Increasing numbers of patients use a wide range of complementary and alternative medicine (CAM) therapies, including herbs, vitamins, homeopathic remedies, and Chinese herbal medicines (CHMs), during their anticancer treatment. The use of CHMs based on traditional Chinese medicine (TCM) theory for breast cancer has been recorded in ancient Chinese books for more than 2000 years. In Taiwan, nearly 20% of patients seek CHM as part of the treatment for their breast cancer [8]. As a CAM therapy for breast cancer, CHM has gradually shown its effects in controlling the progression, increasing the susceptibility to radiotherapy and chemotherapy, elevating immunity, and decreasing the toxicities or side effects of cancer therapies [9]. Authors of a systematic review demonstrated that the combined use of CHM with chemotherapy was an appropriate adjunctive therapy for immediate tumor response and chemotherapy-induced toxicities [10], but the supporting evidence was insufficient because most of the randomized controlled trials (RCTs) had poor study design. In addition, it is unproven whether combined CHM therapy is more effective than the standard adjuvant chemotherapy for clinical prognosis, especially in early breast cancer. Therefore, we planned to perform a single center prospective cohort trial to investigate whether the intervention of CHM can improve the prognosis of postoperative breast cancer patients in terms of disease-free survival (DFS), and then to provide evidence that TCM treatment is effective and safe. Meanwhile, this study can provide a breast cancer patient information database, which may correct the guidelines for TCM treatment, build trust between Western medicine doctors and TCM practitioners, and enhance the role of TCM in integrated medical care.

Methods/design

Study design

This study is a non-randomized, single center, prospective cohort study. The study began in November 2018 and is currently ongoing. A cohort of 310 patients aged more than 20 years with breast cancer with histologically diagnosed stages 1–3 after partial or radical surgery were enrolled from an academic medical center. All participants will complete six to eight cycles of adjuvant chemotherapy, which may last 6 months. The standard chemotherapy regimens include anthracycline-, taxane-, or anthracycline plus taxane-based chemotherapy specified by the NCCN guidelines, based on their disease states. At the time the participants enter the study, the time between surgery and initial chemotherapy is not more than 1 month. The study consists of two stages. Stage I is a cross-sectional study at baseline, and stage II is a cohort study across 3 years of follow-up. Participants will be followed up every 3 to 6 months for 3 years, until recurrence or death. The feasibility and precision of the entire process will be overseen by two supervisors. To ensure that patients adhere to the follow-up schedule, we remind patients of their scheduled visits by telephone or text message. Additionally, incentives are used to express appreciation for the participants’ recruitment and retention throughout the years.

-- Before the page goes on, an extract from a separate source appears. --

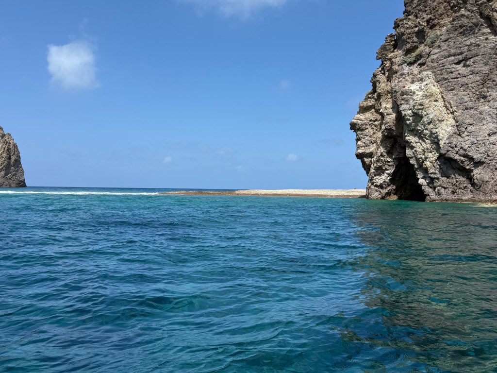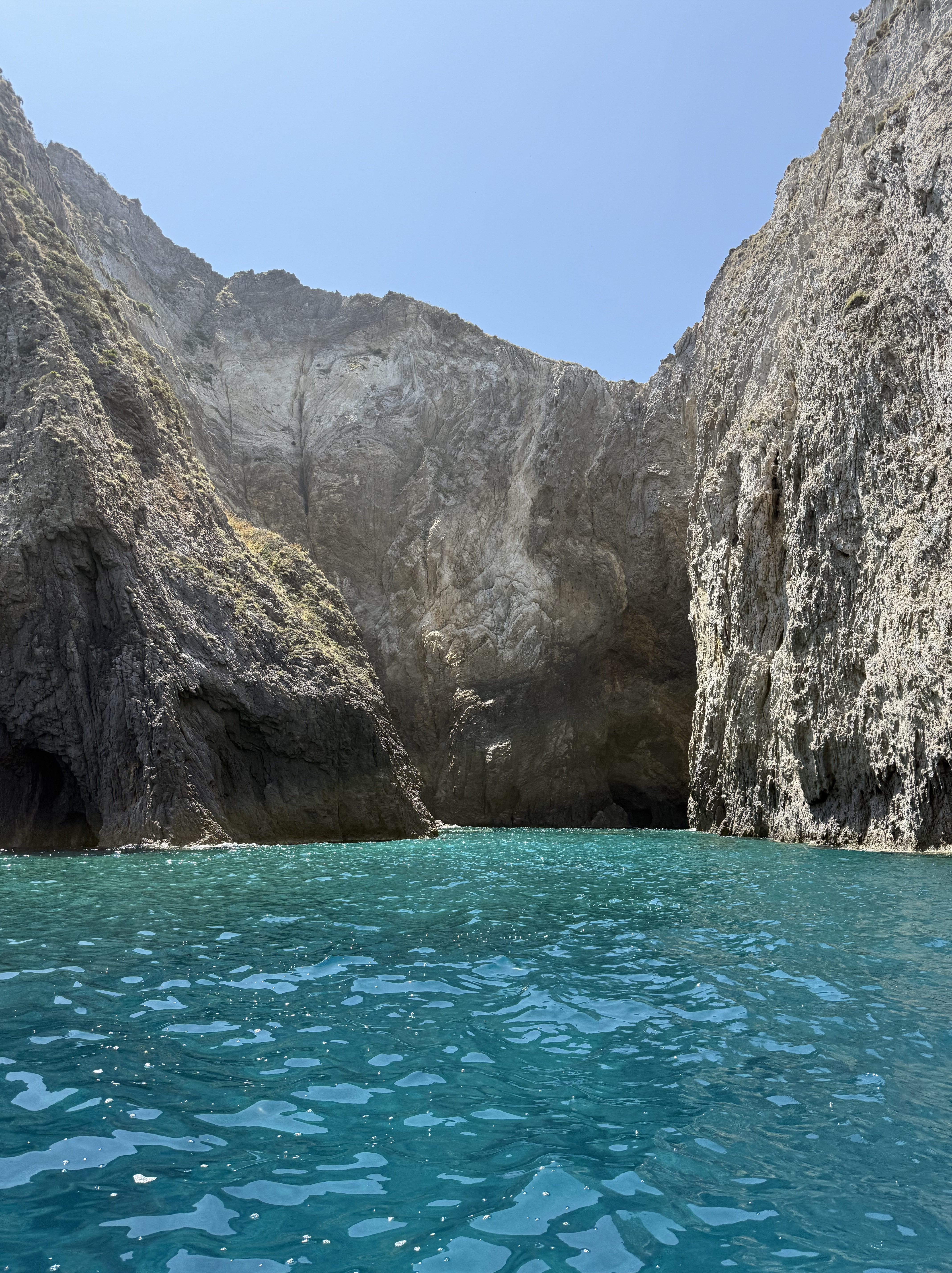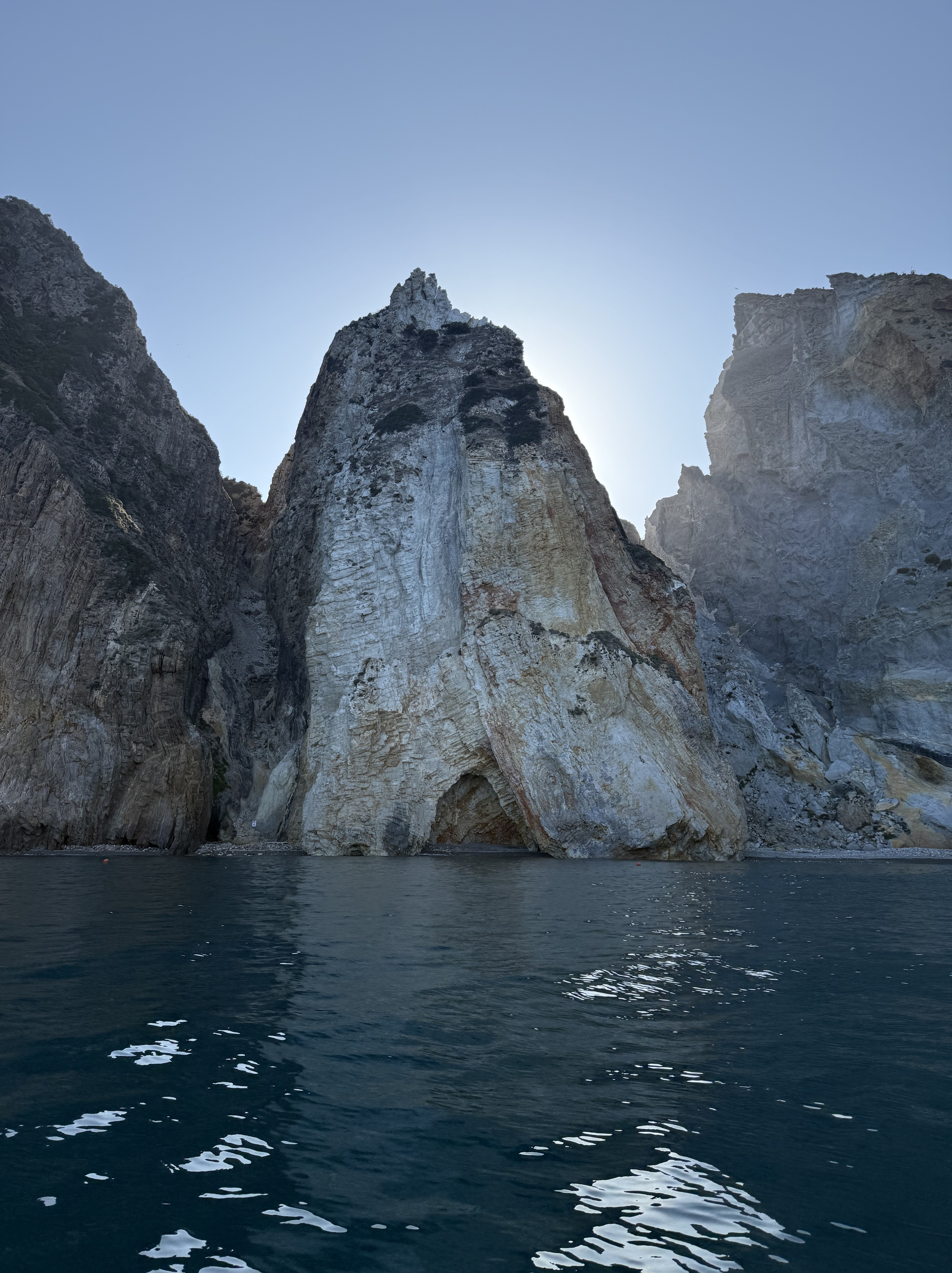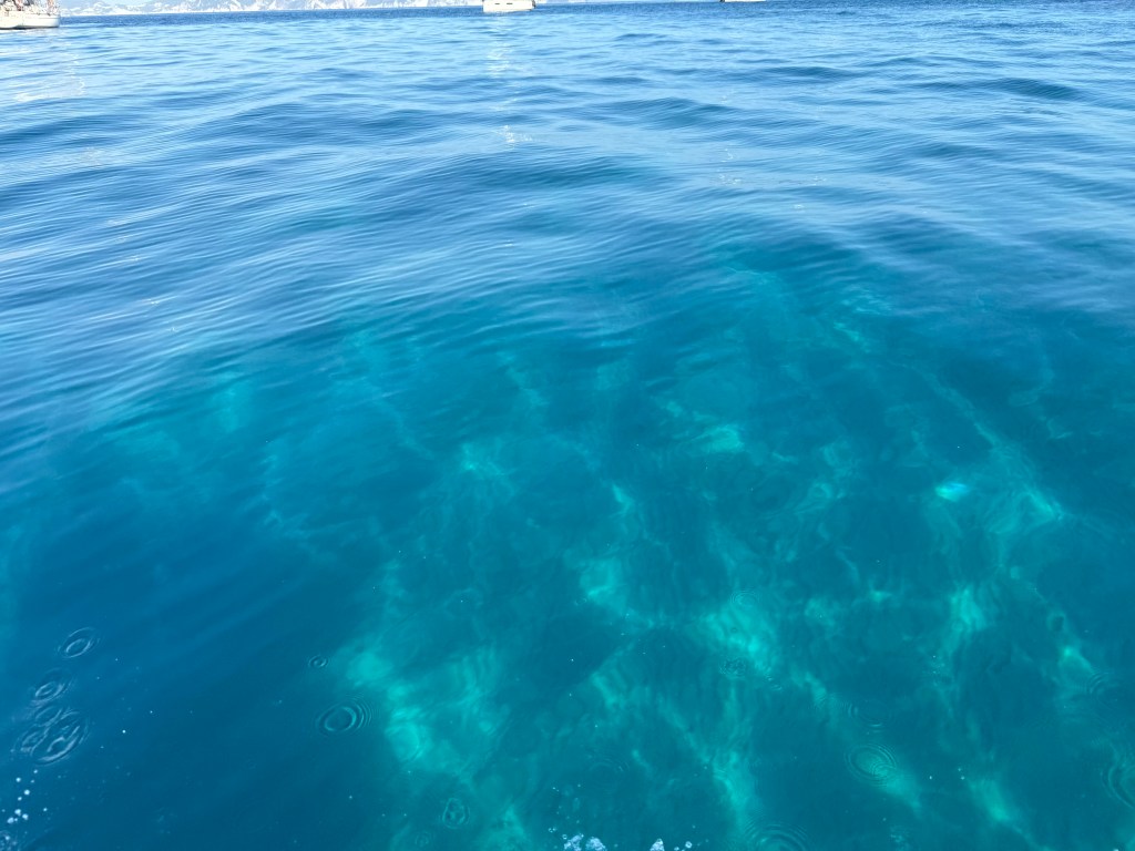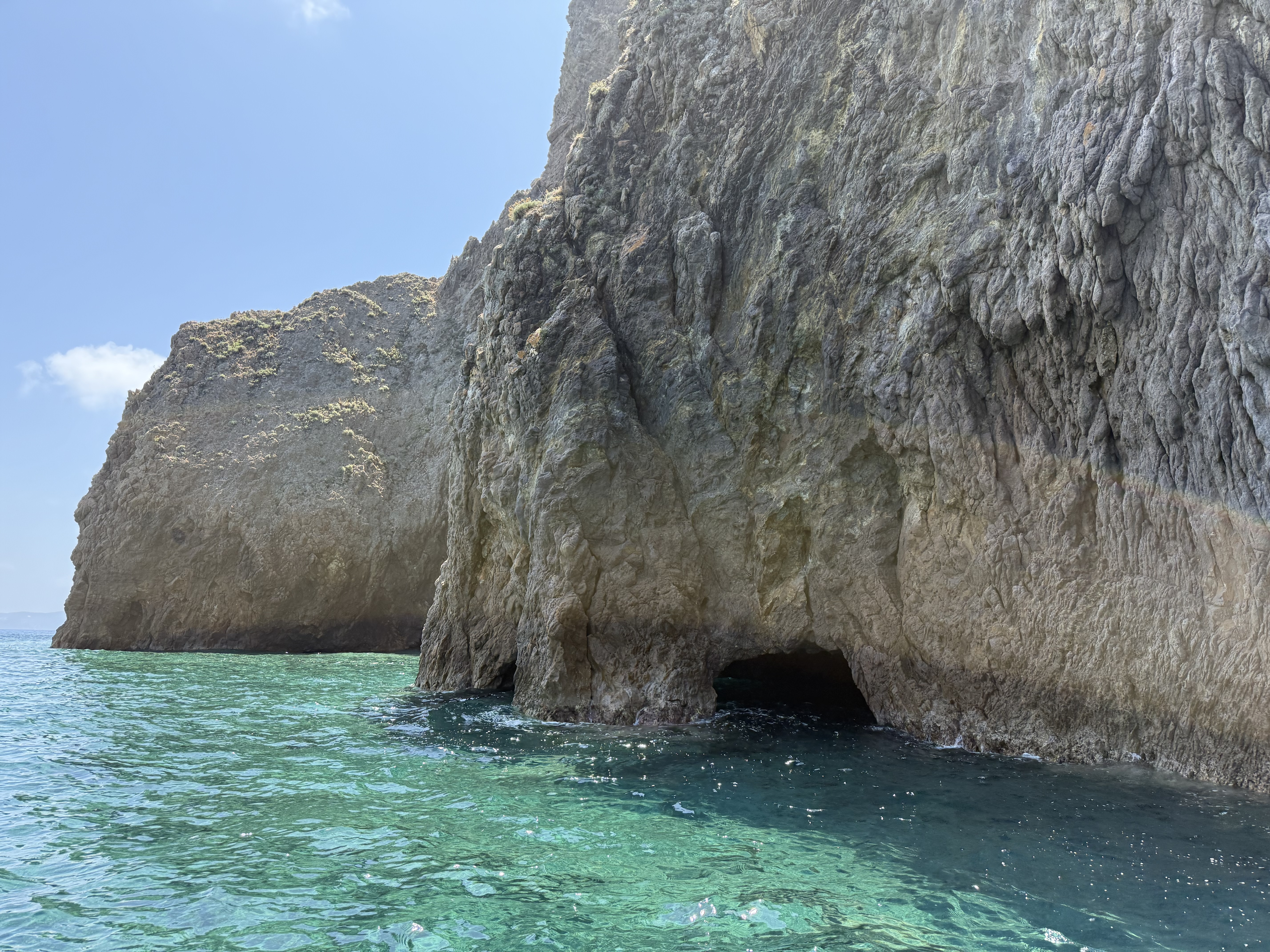 Ponza and Palmarola are busy with boats on the water and people on land. The summer holidays are kicking in and most of the voices we hear are English. Italy has a couple more weeks until the start of August when things really get crazy. For boaters it is possible to come from the Italian coastline very easily and ferries come continually from the mainland. Lots of beaches to choose from and a village filled with cafès and restaurants. Palmarola is a little more removed – you need a boat to get here or come by ferry boat for the day. But the weather is great and letting us anchor in along the incredible edge. Limestone cliffs so this means the water is a clear acqua green. And quite shallow – only 4 meters which is easy.

Study settings and participants

The study is being performed in Kaohsiung Chang Gung Memorial Hospital (KCGMH) in Taiwan. Approximately 2–4 weeks after the completion of surgery, the early breast cancer patients are hospitalized for port-a-catheter implantation and administration of the first cycle of adjuvant chemotherapy. At that time, we are referred to the patients by the Breast Cancer Research Team on the day of their hospitalization. Participant screening is implemented by our department specialists with a background in oncology. For eligible patients, the researcher provides details on the purpose, specific content, instructions on how to complete the trial, and precautions of cancer treatment. After we obtain their informed consent, patients are enrolled in the study.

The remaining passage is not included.